Infosatu.cyou, Solo – Sosok Habib Novel Alaydrus dikenal sebagai pendakwah yang mampu menghadirkan kesejukan dalam setiap majelisnya. Lahir di Solo pada 24 Juli 1975, ia tumbuh dalam lingkungan keluarga religius sebagai putra pertama pasangan Muhammad Alaydrus dan Luluk Al-Habsyi.
Sejak dalam kandungan, kisah hidupnya sudah diwarnai nuansa spiritual. Sang ibu pernah bermimpi didatangi Habib Soleh Al-Hamid yang memberikan sebuah kitab berbahasa Arab. Mimpi tersebut diyakini sebagai isyarat akan masa depan sang anak yang kelak mendalami ilmu agama.
Nama “Novel” sendiri diberikan dengan harapan besar. Terinspirasi dari Habib Salim bin Jindan, ayahnya berharap ia tumbuh menjadi sosok dai yang lantang dan berpengaruh di tengah masyarakat.
Menjemput Ilmu dan Keberkahan
Perjalanan menuntut ilmu Habib Novel tidak selalu mulus. Setelah lulus SMA, ia sempat menghadapi larangan dari ibundanya untuk melanjutkan pendidikan ke luar kota. Namun tekadnya untuk mendalami bahasa Arab—demi meraih ilmu laduni sebagaimana nasihat sang kakek—membawanya ke Pesantren Darul Lughah wad Dakwah pada 1994.

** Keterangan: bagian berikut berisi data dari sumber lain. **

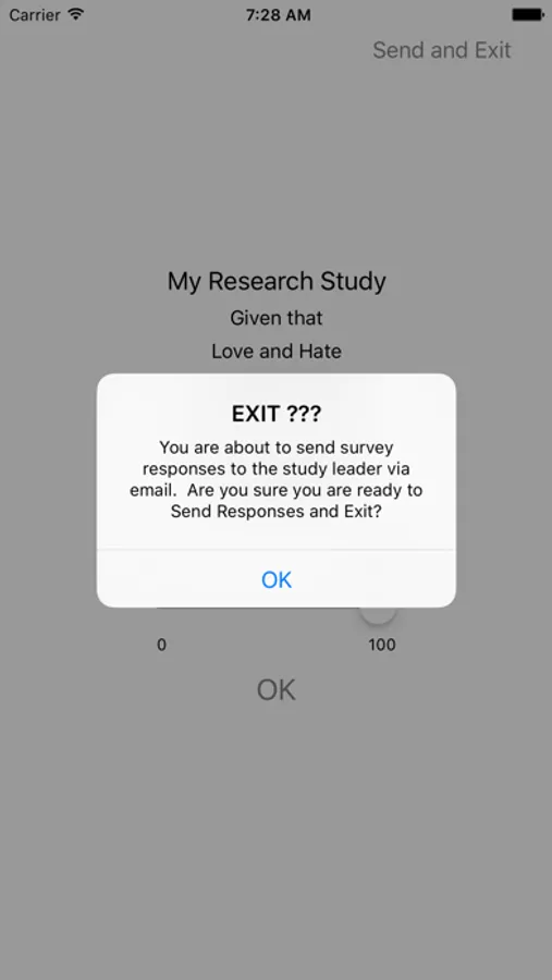 When the user is done filling out the survey, the user selects 'Exit and Send' and the data that was collected by the App is delivered to the social scientist as a list of pairs of concepts and the differences (or distances) between them.
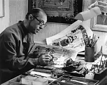 His main techniques were etching and serigraphy, but he also did paintings and acquarels. The first exhibition of his art was in Kunstnerforbundet in 1968. In total he was exhibited about 30 times, as well as several collective exhibitions. His works have been bought by such institutions as the National Gallery of Norway, the Museo del'arte in Pistoia and the Accademia delle bell'arte in Catania.[1]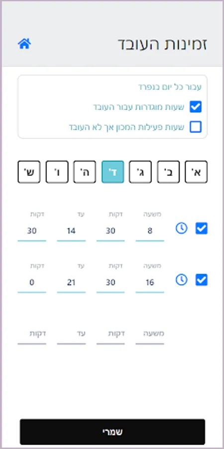 אתם קובעים את שעות הפעילות של המכון ושל כל עובד בנפרד (ימים וחלונות זמן במשך היום)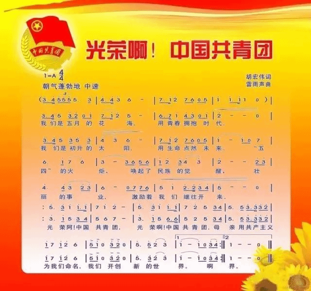 中国共产主义青年团团歌为《光荣啊,中国共青团》。

Meski hanya sekitar tujuh bulan menimba ilmu, pengalaman tersebut meninggalkan kesan mendalam. Saat hendak pulang, ia mendapat pesan tak terduga dari Habib Hasan Baharun yang menyatakan bahwa ilmu dan keberkahan telah ia peroleh.
Perkataan itu terbukti. Sepulang dari pesantren, Habib Novel secara konsisten berguru kepada Habib Anis bin Alwi Al-Habsyi sejak 1995 hingga wafatnya sang guru pada 2006.
Dari Majelis Lokal ke Panggung Dunia
Sepeninggal gurunya, Habib Novel mulai aktif berdakwah ke berbagai daerah di Indonesia hingga mancanegara. Ia kemudian mendirikan Majelis Ar-Raudhah yang berlokasi di kawasan Semanggi, Pasar Kliwon, Solo.
Majelis tersebut berkembang pesat dan menjadi magnet bagi ribuan jamaah setiap Jumat malam. Tidak hanya dari Solo, para pencari ilmu datang dari berbagai penjuru negeri untuk menghadiri kajian yang dikenal hangat dan penuh keteduhan.
Keunikan dakwah Habib Novel terletak pada pendekatannya yang menyentuh semua indera. Ia menekankan bahwa dakwah harus “enak” dilihat, didengar, dicium, dan dirasakan. Karena itu, majelisnya dikemas dengan estetika yang baik—mulai dari tata visual, kualitas suara, hingga suasana yang nyaman dan hidangan yang disajikan.
Berdiri di atas lahan seluas 1.800 meter persegi, Majelis Ar-Raudhah kini bukan sekadar tempat pengajian, tetapi telah menjadi ruang spiritual yang dirindukan banyak orang.
Dakwah yang Menyejukkan
Melalui perjalanan hidupnya, Habib Novel Alaydrus menunjukkan bahwa ketekunan dalam menuntut ilmu dan keikhlasan dalam berdakwah mampu membawa pengaruh luas. Dari Solo, langkahnya menjangkau dunia, menghadirkan pesan Islam yang damai dan penuh keindahan bagi umat.